Plot'n Polish: Zero-shot Story Visualization and Disentangled Editing with Text-to-Image Diffusion Models

1Virginia Tech
2Adobe Research

We introduce Plot'n Polish, a training-free approach for creating and refining story visualizations. Our framework enables users to adjust story elements through fine or coarse-grained edits. Users can alter elements like hairstyles or clothing, transform objects or styles, and customize characters iteratively all directed through text prompts.

Abstract

Text-to-image diffusion models have demonstrated significant capabilities in generating detailed and diverse visuals across various domains, with story visualization emerging as a particularly promising application. However, as their use in real-world creative domains increases, the need for providing enhanced control, refinement, and the ability to modify images post-generation in a consistent manner become an important challenge. Existing methods often lack the flexibility to apply fine or coarse edits while maintaining visual and narrative consistency across multiple frames, preventing the creators from seamlessly crafting and refining their visual stories.

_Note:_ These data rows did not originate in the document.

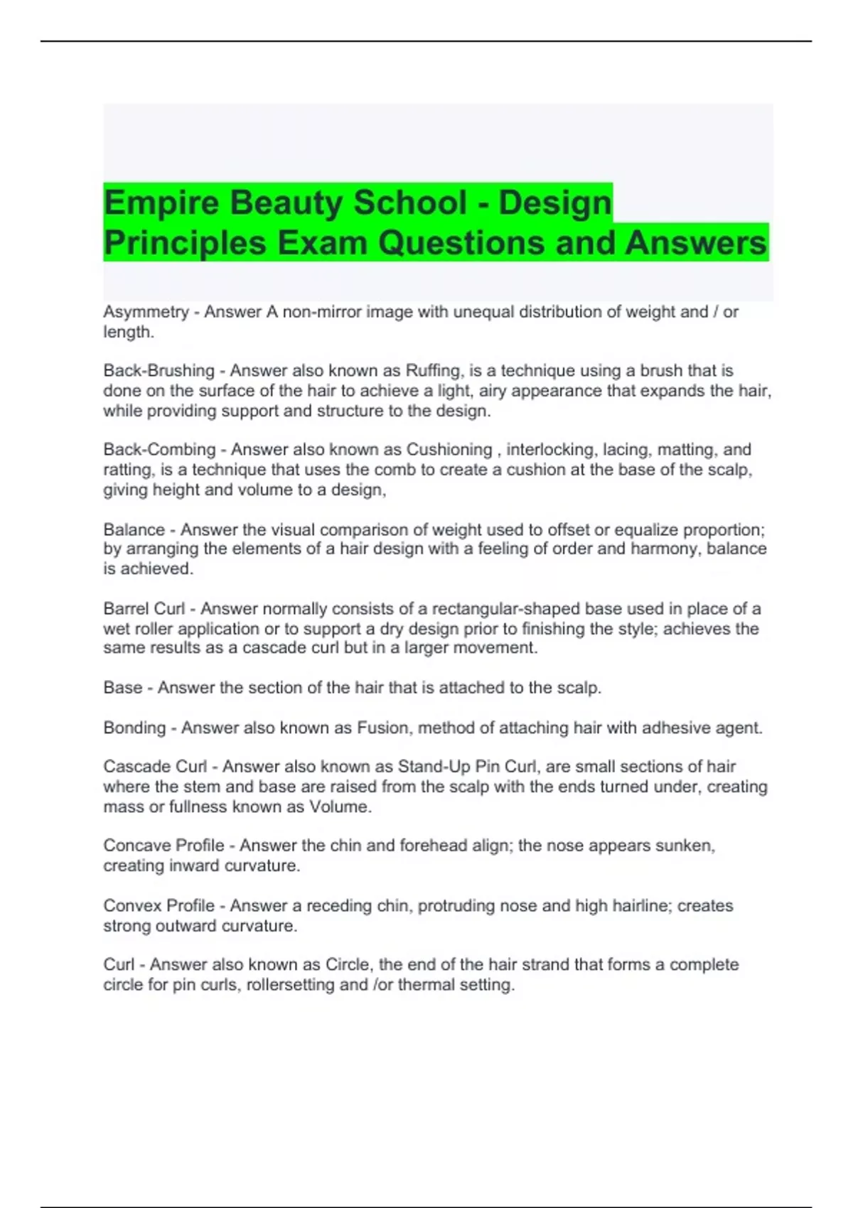 Empire Beauty School - Design Principles Exam Questions and Answers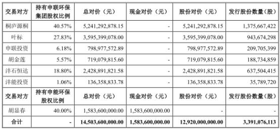 具体来看,浙富控股拟以发行股份的方式向桐庐源桐、叶标、申联投资、胡金莲、沣石恒达、沣能投资等6名交易对方购买其持有的申联环保100%股权,以支付现金的方式向胡显春购买其持有的申能环保40%股权。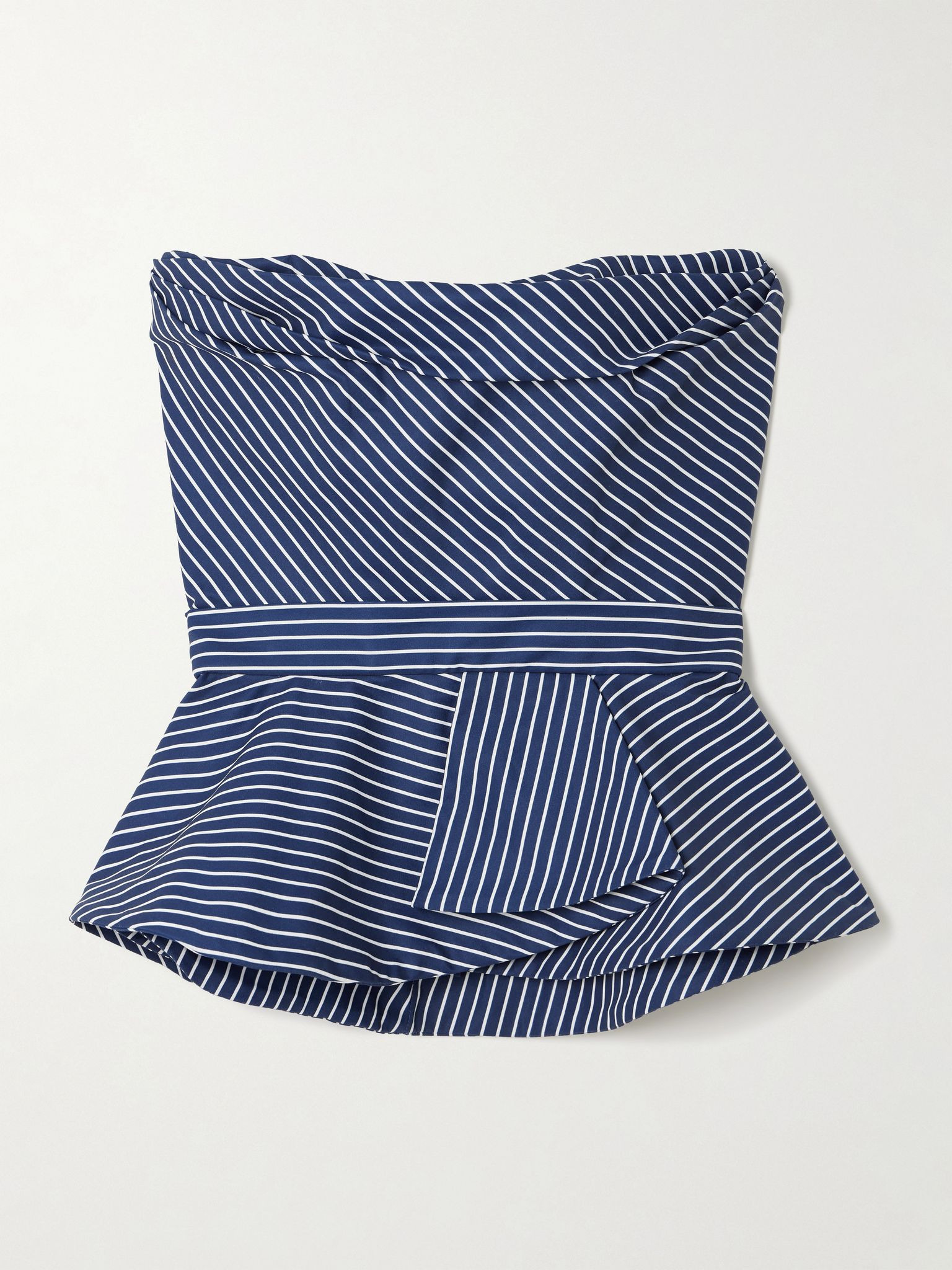 Alborada strapless striped stretch cotton-twill peplum top Navy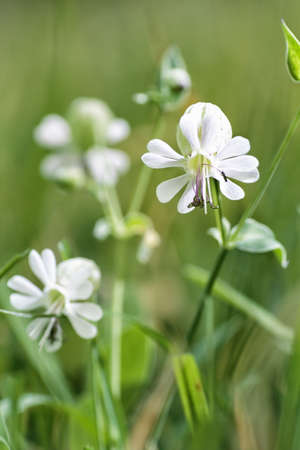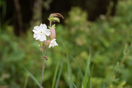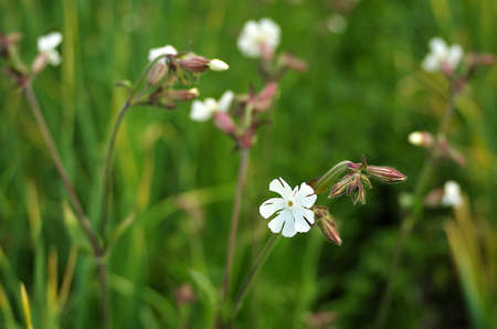 A wide shot of Silene swaying gently in the wind, realistic photography style, bright and vivid colors, natural lighting.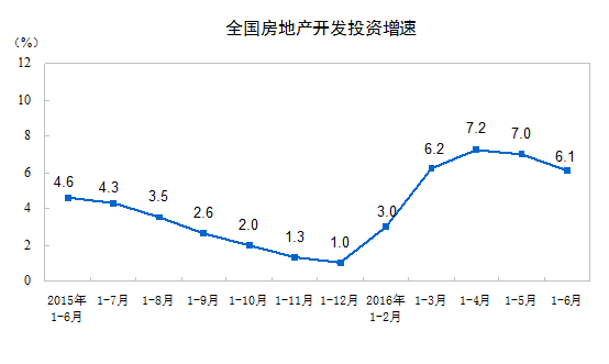 2016年1-6月份全國房地產開發投資和銷售情況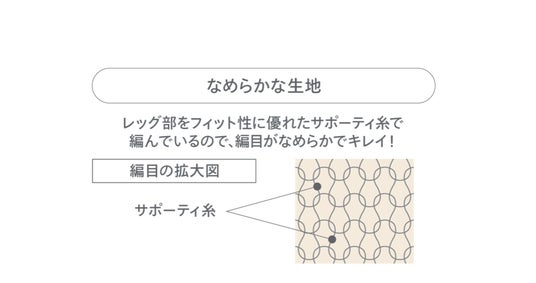 穴が開いても伝線が拡がりにくい糸のゾッキ編みを採用しています。生地面が美しく伸びがよく、肌にフィットする履き心地です。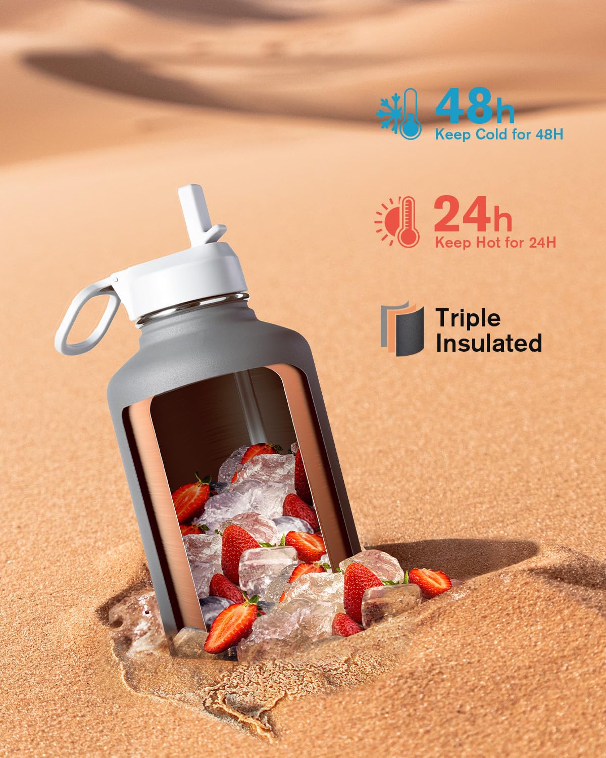 48H Cold & 24H Hot: Triple Insulation Technology adopts double wall and vacuum seal, keeps beverages cold for up to 48 hours and hot 24 hours. Anti-sweat coating can keep the surface dry and clean, making it easy to grip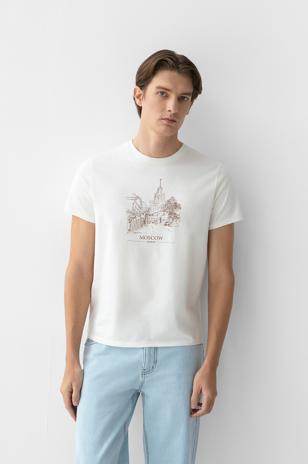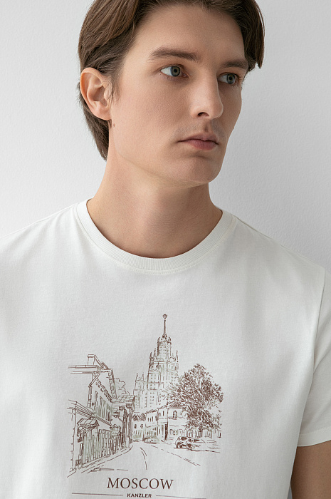 Футболка из хлопка, цвет бежевый светлый, цена 3 990 руб. - купить в интернет-магазине KANZLER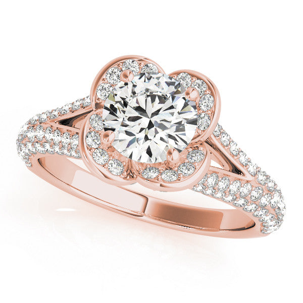 Rose gold Round Halo Floral Diamond Engagement Ring with Pave Split Shank and Four-Prong Setting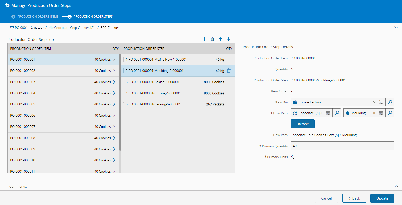 Manage Production Order Steps#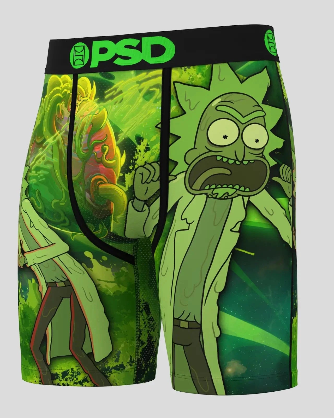 The Slime Rick briefs from Rick and Morty x PSD include our ultra-comfortable Signature WaistBand. a breathable MicroMesh pouch. and four-way stretch. The PSD 7 Standard Length Briefs won’t roll or ride and were built for everything. from everyday wear to your toughest workouts.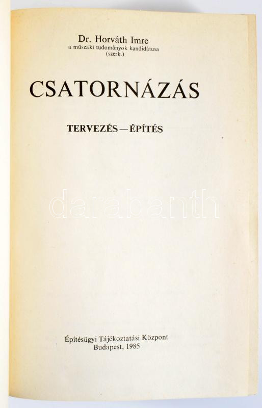 Horváth Imre (szerk.): Csatornázás. Tervezés - építés. Bp., 1985, Építésügyi Tájékoztatási Központ, 708 p.+ 1 (kihajtható) t. Kiadói kartonált papírkötés, sérült gerinccel.

To address these challenges, we introduce Plot'n Polish, a zero-shot framework that enables consistent story generation and provides fine-grained control over story visualizations at various levels of detail.

Method


An overview of Plot'n Polish. Users can provide story plots for each frame and image prompts, or these can be generated by the LLM based on the story idea. The image prompts are used to create template images for visualizing the story. The editing framework takes editing prompts in the form of text or images, along with initial images to edit and extracted depth conditions.

Qualitative Results


Qualitative results for Plot'n Polish. Our results demonstrate that Plot'n Polish excels in producing consistent visual narratives and allows for a wide range of successful edits including localized edits, character or object replacements, and personalization.

Qualitative Comparison


Qualitative comparison of our method with state-of-the-art story visualization methods, including StoryDiffusion, ConsiStory, AutoStudio, and Intelligent Grim. Our method outperforms competitors by maintaining consistent visual elements, such as attire and character features, across all panels, ensuring narrative coherence. In contrast, existing methods struggle with inconsistencies, blending errors, often breaking narrative flow and reducing clarity.